Based on CMS inspection data, COMPLETE CARE AT MERIDEN has a clean safety record: no substantiated abuse findings (meaning no confirmed cases of resident harm), no Immediate Jeopardy citations (the most serious violation level indicating risk of serious injury or death), and is not on the Special Focus Facility watch list (a federal program monitoring the lowest-performing 1% of nursing homes). The facility has a 4-star overall rating and ranks #1 of 100 nursing homes in Connecticut. While no facility is perfect, families should still ask about staff-to-resident ratios and recent inspection results during their visit.

Do Nurses at Complete Care At Meriden Stick Around?

COMPLETE CARE AT MERIDEN has a staff turnover rate of 39%, which is about average for Connecticut nursing homes (state average: 46%). Moderate turnover is common in nursing homes, but families should still ask about staff tenure and how the facility maintains care continuity when employees leave.

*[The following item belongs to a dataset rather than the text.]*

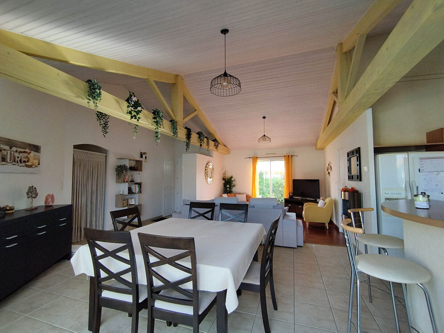 Dans un quartier agréable proche d’un supermarché et à 1.6 km de la plage de Tanchet, maison de plain-pied offrant une entrée avec placard, une belle pièce de vie cathédrale avec une cuisine ouverte équipée, 3 chambres dont une avec dressing, un bureau, une salle de bains avec douche et baignoire, 2 wc séparés, une buanderie et un garage. Une pièce d’été donnant sur la piscine a été aménagée, et bénéficie d’une salle d’eau wc. Piscine chauffée. Jardin clos sans vis à vis.

Was Complete Care At Meriden Ever Fined?

COMPLETE CARE AT MERIDEN has been fined $8,827 across 1 penalty action. This is below the Connecticut average of $33,167. While any fine indicates a compliance issue, fines under $50,000 are relatively common and typically reflect isolated problems that were subsequently corrected. Families should ask what specific issues led to these fines and confirm they've been resolved.

Is Complete Care At Meriden on Any Federal Watch List?

COMPLETE CARE AT MERIDEN is not on any federal watch list. The most significant is the Special Focus Facility (SFF) program, which identifies the bottom 1% of nursing homes nationally based on persistent, serious quality problems. Not being on this list means the facility has avoided the pattern of deficiencies that triggers enhanced federal oversight. This is a positive indicator, though families should still review the facility's inspection history directly.